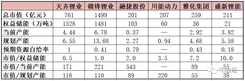 大家都知道赣锋锂业和天齐锂业两者并称为国内“锂业双雄”,在市值和当前产能比相当的情况下,谷主选择了更有弹性的天齐锂业。其原因是天齐锂业有雅宝、SQM的包销协议,所以碳酸锂的拿货价比较低;而且自给率高,权益储能高,因此碳酸锂涨价的对其构成的弹性要高于赣锋锂业。
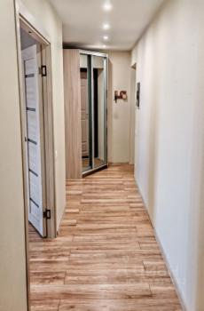 Особенности: Балкон застеклён, Железная дверь, Ламинат, Натяжной потолок, Пластиковые окна, Стены выровнены, Гардеробная
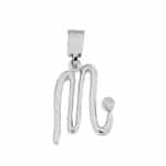 Μεγάλο τρισδιάστατο καλλιγραφικό μονόγραμμα Β από λευκό χρυσό 14 καρατίων με μία λευκή πέτρα ζιργκόν για στόλισμα στο τέλος.
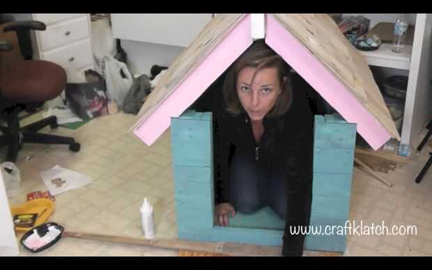 Pasé un poco de tiempo dentro de la caseta del perro, cortando clavos que podrían sido meter a través, de la instalación del techo. También quería Asegúrese de que coco encajarían en él. Todavía así... tan buena!
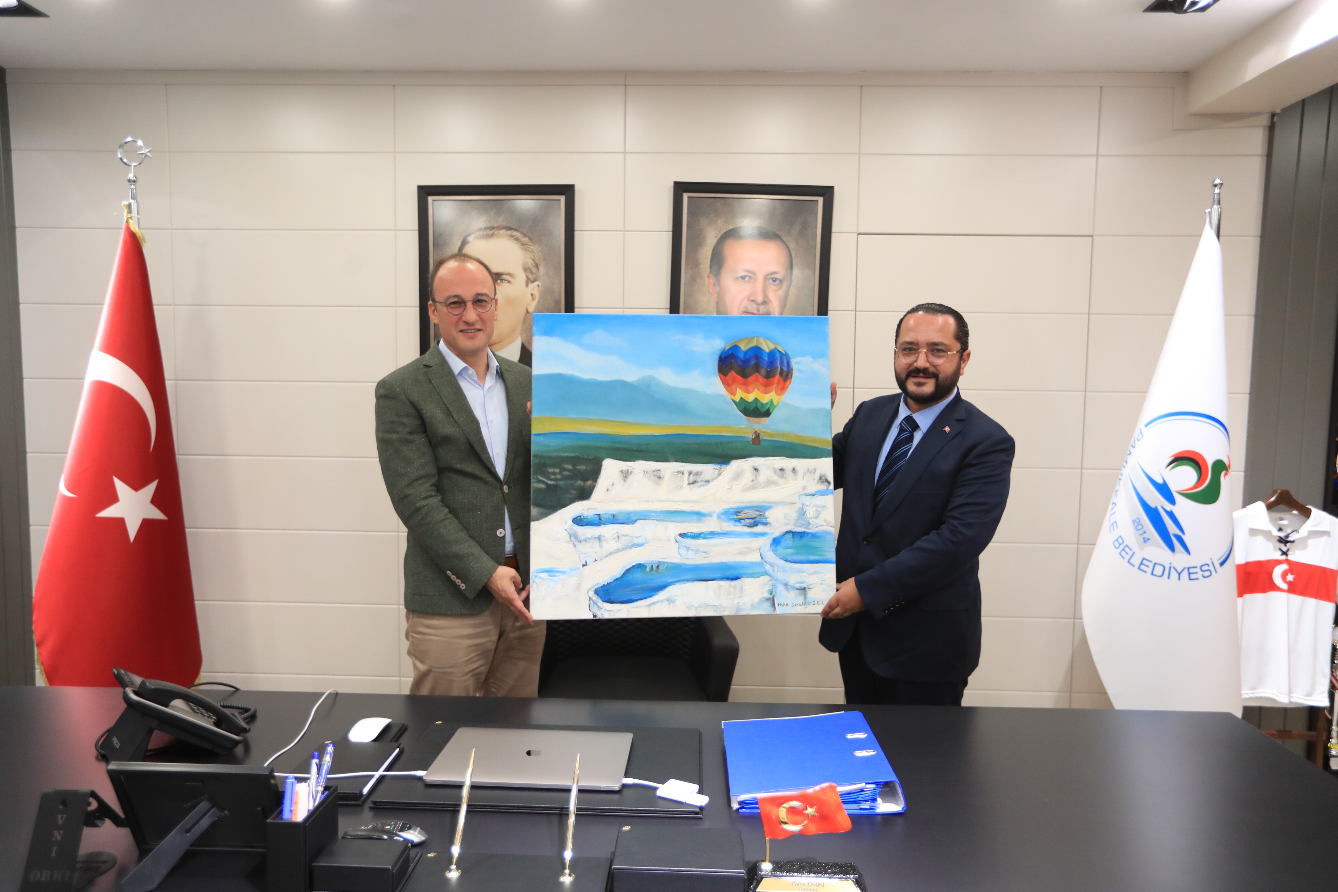 MHP Pamukkale İlçe Başkanı Av. Mehmet Ali Yılmaz ise Başkan Örki’ye teşekkür ederek, “MHP Pamukkale ilçe teşkilatı olarak yeni bir enerji yeni bir sinerji ile yola çıktık. 2023 ve 2024 seçimlerine daha hazır olacağız. Biz Cumhur İttifakı’nın ne demek olduğunu biliyoruz. Genel Başkanımız Devlet Bahçeli’nin talimatıyla önce ülkem ve milletim, sonra partim ve ben anlayışıyla hareket ediyoruz. Denizli’mizde ve Pamukkale’mizde Cumhur İttifakı olarak bu anlayışla hizmet ediyoruz. Size Pamukkale ilçemizin hiçbir kuruşunu boşa harcamayıp tamamen vatandaşın hizmetine harcadığınız için teşekkür ederim. Cumhur İttifakımızın 2023 ve 2024 seçimlerinde ülke yönetimini tekrar üstleneceğine inanıyoruz. Bu konuda çalışmalarımıza kararlılıkla devam ediyoruz. Bu güne kadar olduğu gibi bundan sonra da sizin çalışmalarınıza desteğimiz sürecek” diye konuştu. Ziyaret sonunda Pamukkale Belediye Başkanı Avni Örki, MHP Pamukkale İlçe Başkanı Av. Mehmet Ali Yılmaz’a günün anısına Pamukkale tablosu hediye etti.
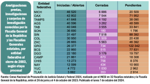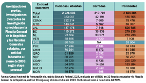 De acuerdo con los resultados que arroja el Censo Nacional de Procuración de Justicia Estatal y Federal 2024 del Inegi, el compendio de seis apartados diferentes, que miden la eficiencia de las fiscalías estatales en seis campos diferentes, estas tres entidades aparecen en cinco de esos espacios de observación entre las primeras cinco entidades del país más afectadas, y en por lo menos uno de ellos cada una de estas tres entidades aparece en primer lugar.
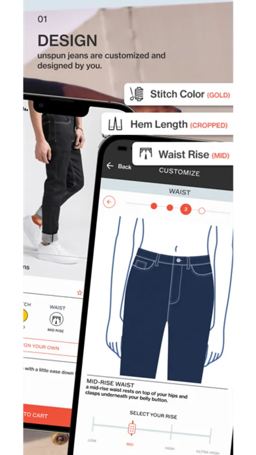Ultra-sustainable & custom-built jeans from a 3D iPhone scan, perfectly designed on your digital model. Made-to-order with sustainable denim. Customized by you. Custom built for you.
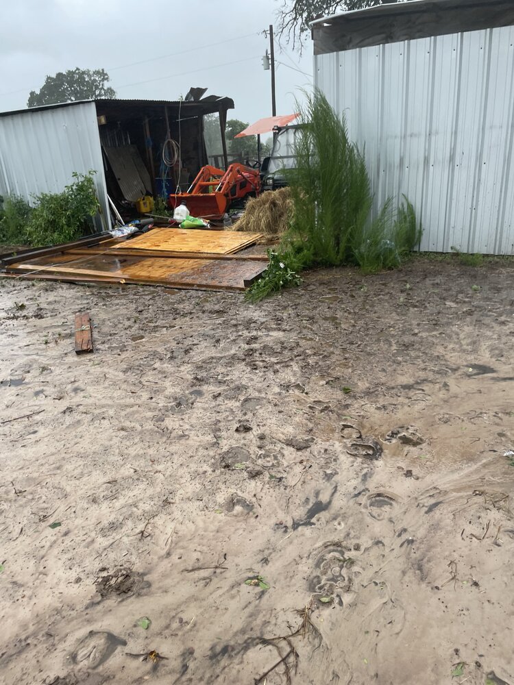 Winds blew out a section of the storage sheds. The back of the shed serves as a wall for the horse pen. I put her in the round pen. HUGE nails sticking up.
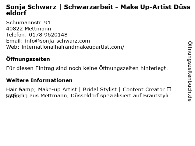 | Sonja Schwarz | Schwarzarbeit - Make Up-Artist Düsseldorf anrufen | |

:: Problem to work on ::
Go back to the listing above and write out the lines starting at the one with "Μεγάλο τρισδιάστατο καλλιγραφικό" and ending at the one with "Pasé un poco", inclusive, exactly and without pictures.

:: Solved exercise ::
 Μεγάλο τρισδιάστατο καλλιγραφικό μονόγραμμα Β από λευκό χρυσό 14 καρατίων με μία λευκή πέτρα ζιργκόν για στόλισμα στο τέλος.
 Pasé un poco de tiempo dentro de la caseta del perro, cortando clavos que podrían sido meter a través, de la instalación del techo. También quería Asegúrese de que coco encajarían en él. Todavía así... tan buena!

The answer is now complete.